_Your goal_: Pictures in the entries below are excluded; copy only the lines from the one containing "ПРИМЕНЕНИЕ: для надежной" to the one containing "Ky është sqarimi", both included.

***** Input data *****

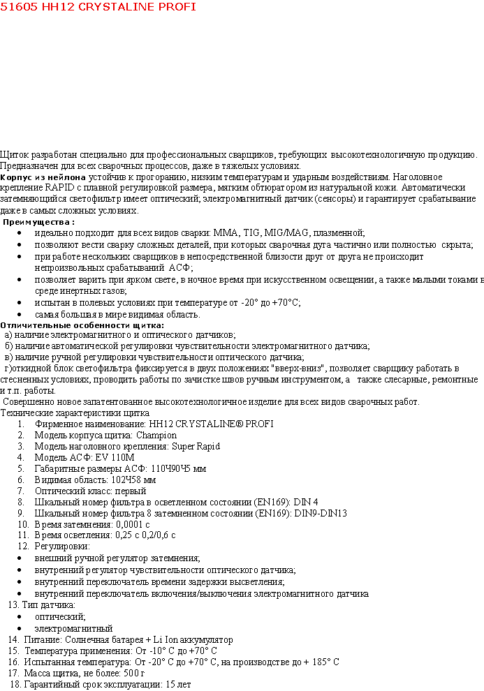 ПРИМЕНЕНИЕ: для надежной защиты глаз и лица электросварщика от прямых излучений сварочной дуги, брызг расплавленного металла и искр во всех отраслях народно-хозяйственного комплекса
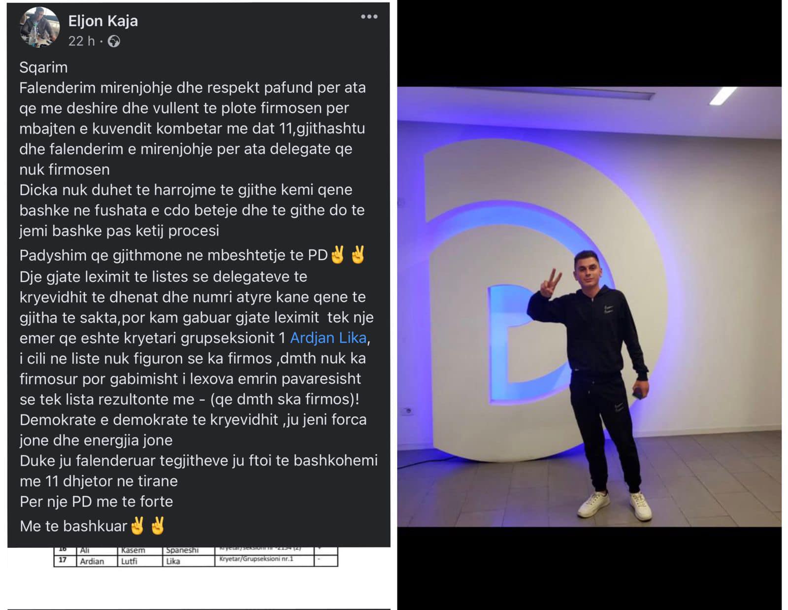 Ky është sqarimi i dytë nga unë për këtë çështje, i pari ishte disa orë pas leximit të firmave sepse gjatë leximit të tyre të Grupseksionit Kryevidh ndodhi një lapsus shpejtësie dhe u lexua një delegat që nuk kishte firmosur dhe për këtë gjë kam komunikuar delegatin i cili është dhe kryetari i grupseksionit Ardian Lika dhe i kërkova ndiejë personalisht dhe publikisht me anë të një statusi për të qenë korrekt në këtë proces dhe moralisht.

*****
***** Input data *****

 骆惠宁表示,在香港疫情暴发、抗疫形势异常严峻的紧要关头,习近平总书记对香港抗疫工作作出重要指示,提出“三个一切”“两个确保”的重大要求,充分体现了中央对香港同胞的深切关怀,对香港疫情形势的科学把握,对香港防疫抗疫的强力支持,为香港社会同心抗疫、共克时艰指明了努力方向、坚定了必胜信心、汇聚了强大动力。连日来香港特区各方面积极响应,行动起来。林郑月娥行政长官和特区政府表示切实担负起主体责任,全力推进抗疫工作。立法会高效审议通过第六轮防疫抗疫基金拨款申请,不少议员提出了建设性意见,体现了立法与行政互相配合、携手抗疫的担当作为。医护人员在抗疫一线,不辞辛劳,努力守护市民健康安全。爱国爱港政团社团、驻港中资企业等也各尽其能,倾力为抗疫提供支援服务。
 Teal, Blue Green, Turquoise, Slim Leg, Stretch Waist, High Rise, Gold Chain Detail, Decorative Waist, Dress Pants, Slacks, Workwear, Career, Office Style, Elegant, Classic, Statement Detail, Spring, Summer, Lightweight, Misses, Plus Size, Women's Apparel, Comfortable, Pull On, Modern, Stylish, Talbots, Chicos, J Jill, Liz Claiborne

*****
***** Input data *****

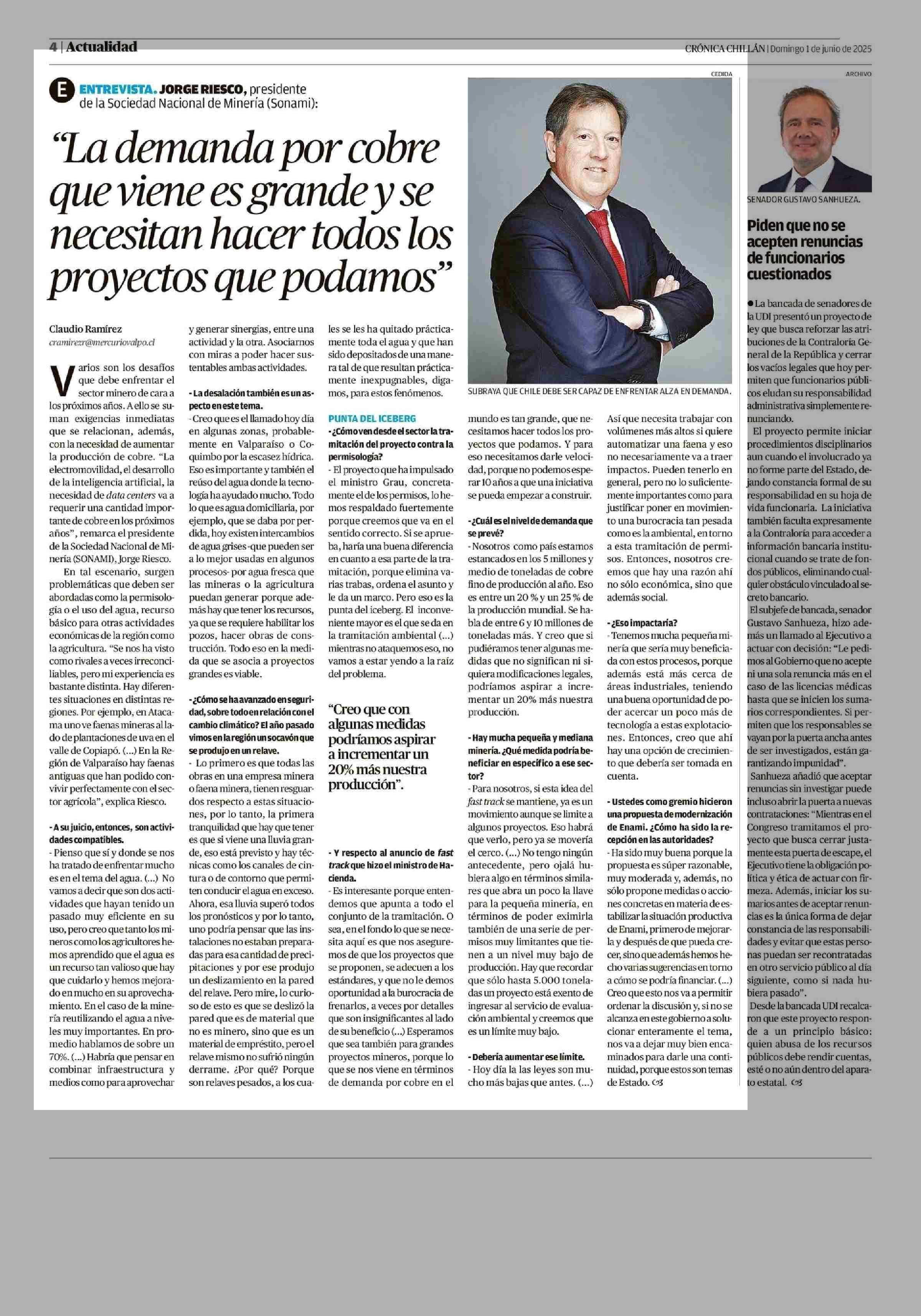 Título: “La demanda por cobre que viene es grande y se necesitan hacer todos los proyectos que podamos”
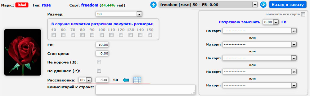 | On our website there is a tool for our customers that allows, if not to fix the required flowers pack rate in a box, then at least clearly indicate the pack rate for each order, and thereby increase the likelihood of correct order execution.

*****

_Task answer_:
 ПРИМЕНЕНИЕ: для надежной защиты глаз и лица электросварщика от прямых излучений сварочной дуги, брызг расплавленного металла и искр во всех отраслях народно-хозяйственного комплекса
 Ky është sqarimi i dytë nga unë për këtë çështje, i pari ishte disa orë pas leximit të firmave sepse gjatë leximit të tyre të Grupseksionit Kryevidh ndodhi një lapsus shpejtësie dhe u lexua një delegat që nuk kishte firmosur dhe për këtë gjë kam komunikuar delegatin i cili është dhe kryetari i grupseksionit Ardian Lika dhe i kërkova ndiejë personalisht dhe publikisht me anë të një statusi për të qenë korrekt në këtë proces dhe moralisht.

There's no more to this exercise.